List of filenames within the bucket corresponding to the provided path.

Return type:

list[str]

impresso_essentials.io.s3.get_bucket(bucket_name: str)

Create a boto3 connection and return the desired bucket.

Note

This function does not ensure that the bucket exists. If this verification is necessary, please prefer using get_or_create_bucket() instead.

Parameters:

bucket_name (str) – Name of the S3 bucket to use.

Returns:

Desired S3 bucket.

Return type:

boto3.resources.factory.s3.Bucket

impresso_essentials.io.s3.get_or_create_bucket(name: str, create: bool = False)

Create a boto3 s3 connection and create or return the requested bucket.

It is possible to ask for creating a new bucket with the specified name (in case it does not exist): >>> b = get_bucket(‘testb’, create=False) >>> b = get_bucket(‘testb’, create=True)

Parameters:
  • name (str) – Name of thebucket to get of create.

  • create (bool, optional) – Whether to create the bucket if it doesn’t exist.

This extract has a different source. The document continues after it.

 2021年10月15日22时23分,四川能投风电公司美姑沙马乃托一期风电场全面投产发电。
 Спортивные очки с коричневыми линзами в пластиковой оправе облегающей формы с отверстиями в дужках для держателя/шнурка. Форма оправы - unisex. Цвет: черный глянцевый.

Defaults to False.

Returns:

S3 bucket, fetched or created.

Return type:

boto3.resources.factory.s3.Bucket

impresso_essentials.io.s3.get_s3_client(host_url: str | None = 'https://os.zhdk.cloud.switch.ch/') BaseClient

Create S3 boto3 client using environment variables from local .env files.

Assumes that two environment variables are set: SE_ACCESS_KEY and SE_SECRET_KEY.

Parameters:

host_url (str | None, optional) – _description_. Defaults to “https://os.zhdk.cloud.switch.ch/”.

Raises:
  • e – Argument host_url was not provided and SE_HOST_URL was not in the env.

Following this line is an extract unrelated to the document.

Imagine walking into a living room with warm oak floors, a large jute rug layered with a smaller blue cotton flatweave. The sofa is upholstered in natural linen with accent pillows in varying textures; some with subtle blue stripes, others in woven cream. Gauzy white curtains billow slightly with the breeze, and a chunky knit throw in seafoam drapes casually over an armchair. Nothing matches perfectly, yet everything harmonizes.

  • eSE_ACCESS_KEY or SE_SECRET_KEY was not in the environment variables.

Returns:

The S3 boto3 client.

Return type:

BaseClient

impresso_essentials.io.s3.get_s3_object_size(bucket_name: str, key: str) int

Get the size of an object (key) in an S3 bucket.

Parameters:
  • bucket_name (str) – The name of the S3 bucket.

  • key (str) – The key (object) whose size you want to retrieve.

Returns:

The size of the object in bytes, or None if the object doesn’t exist.

Return type:

int

impresso_essentials.io.s3.get_s3_resource(host_url: str | None = 'https://os.zhdk.cloud.switch.ch/') ServiceResource

Get a boto3 resource object related to an S3 drive.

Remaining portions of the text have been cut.